[[ Supplied data, beginning ]]

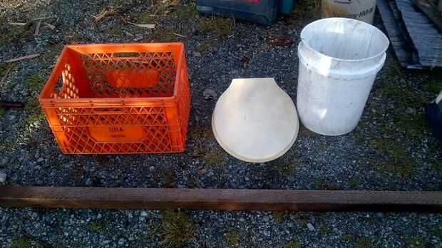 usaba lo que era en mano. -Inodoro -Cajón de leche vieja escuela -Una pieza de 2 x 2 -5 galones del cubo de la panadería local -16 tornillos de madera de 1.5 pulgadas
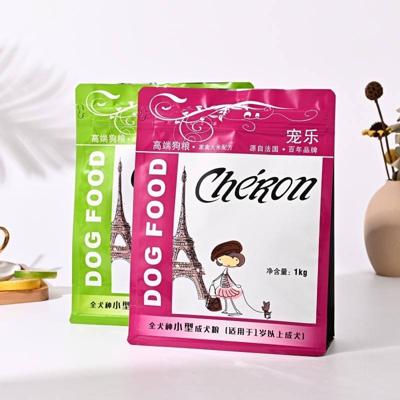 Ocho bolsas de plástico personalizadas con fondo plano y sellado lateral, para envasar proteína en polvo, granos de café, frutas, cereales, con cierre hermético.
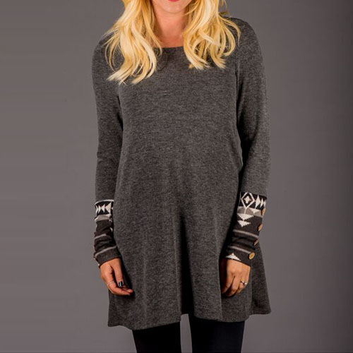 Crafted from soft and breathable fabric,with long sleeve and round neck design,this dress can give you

[[ Supplied data, end ]]

__Exercise requirements__
Quote precisely the lines of the data from the line containing "Ocho bolsas de" through its final line, both included, excluding pictures.

__Written solution__
 Ocho bolsas de plástico personalizadas con fondo plano y sellado lateral, para envasar proteína en polvo, granos de café, frutas, cereales, con cierre hermético.
 Crafted from soft and breathable fabric,with long sleeve and round neck design,this dress can give you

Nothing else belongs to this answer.